WHAT COMES FROM OUR DISCUSSIONS WITH YOU
Hearing from patients and families is the best way to improve the services we provide and your matter will receive our most courteous and respectful attention at the earliest possible time. The issues you bring to our attention don’t get “filed away” – we work with physicians and senior members of management in order to improve your experience at CCH. We’ll work towards change wherever possible and reasonable and our goal is to improve safety and quality of care. All feedback form submissions are responded to within 3 to 5 business days from being received.

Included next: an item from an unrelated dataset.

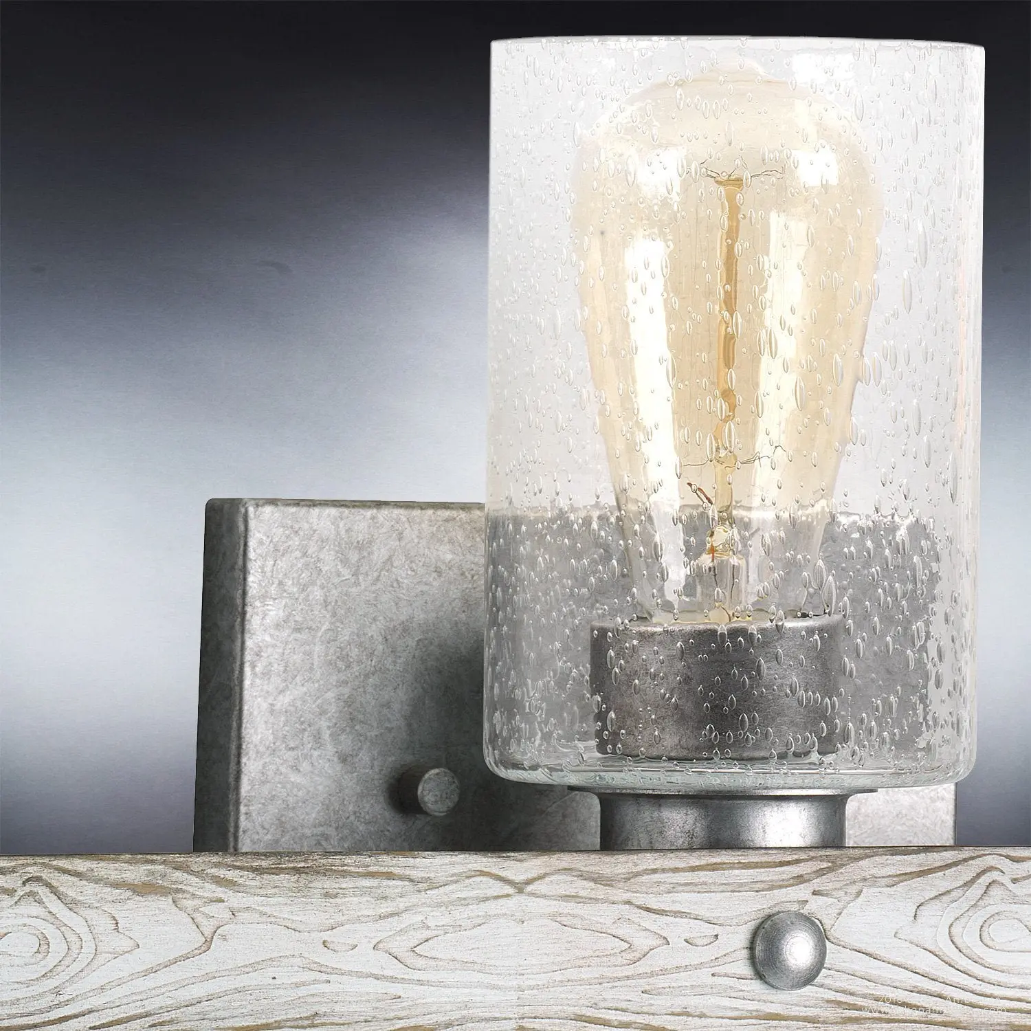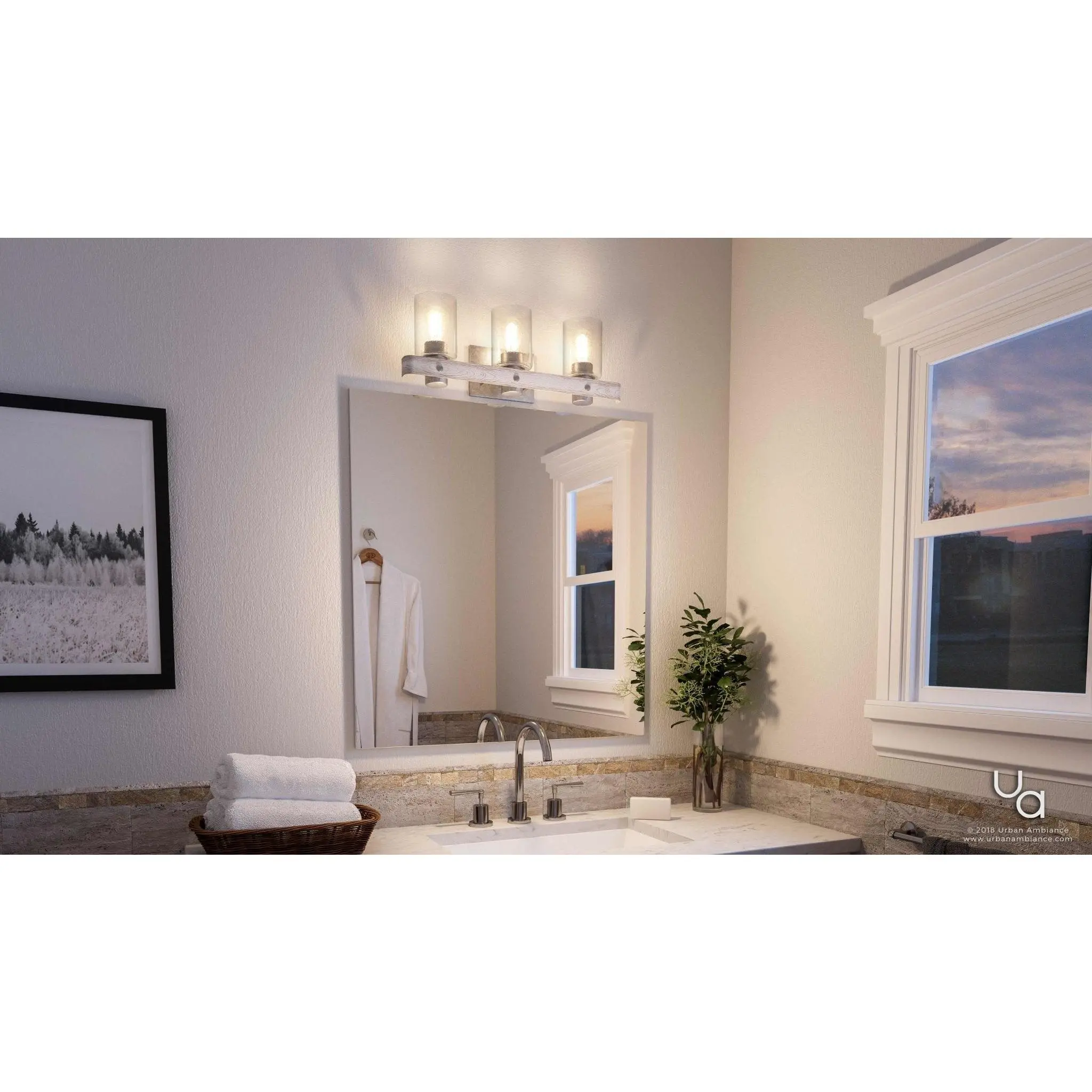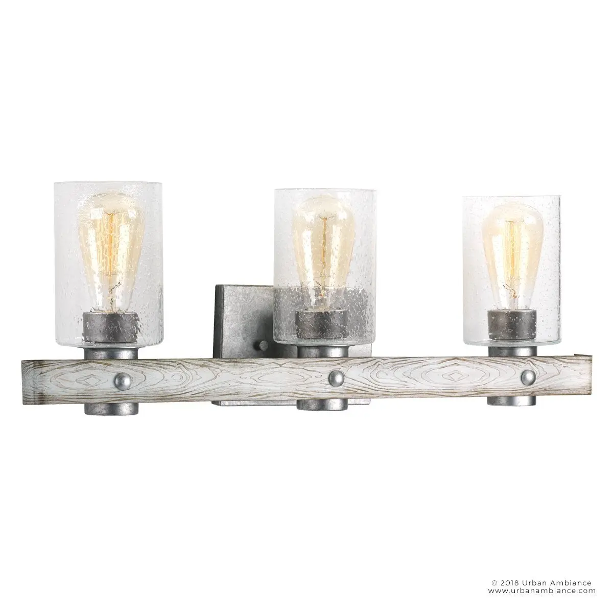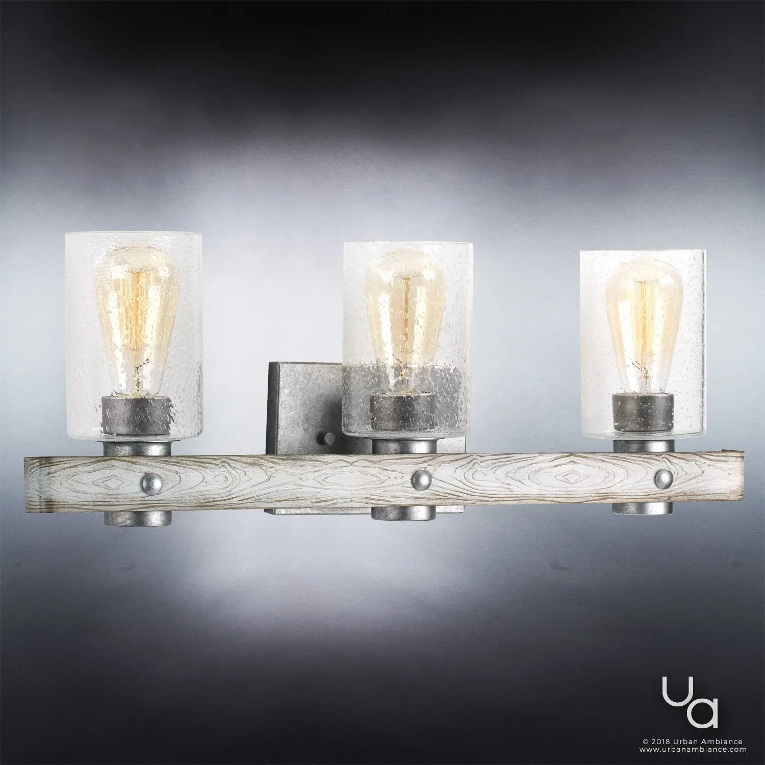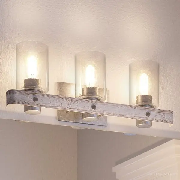 The UHP2485 brings a distinctive architectural flair with its open cage framework and layered circular bands, giving it a sculptural, farmhouse-meets-modern aesthetic not often seen in standard bath fixtures. Its galvanized steel finish introduces an industrial yet refined appeal, setting it apart from brushed nickel or chrome alternatives. Handcrafted detailing in the slatted ring design nods to artisanal construction, while the three exposed bulbs emit a warm, vintage-inspired glow that feels both rustic and inviting.

Please note that it is important that we hear from you through official channels, which includes the feedback form below, to ensure your feedback can be appropriately investigated and follow-up can be conducted.
Notice with Respect to the Collection of Personal Information (Freedom of Information and Protection of Privacy Act)
The personal information requested on this form is collected in accordance with the Public Hospitals Act, Section 7. The information provided will not be used for any purposes other than those stated upon this form unless you provide your consent. Should you have any questions concerning your personal information please contact the Freedom of Information Coordinator at 613 938-4240 extension 2262.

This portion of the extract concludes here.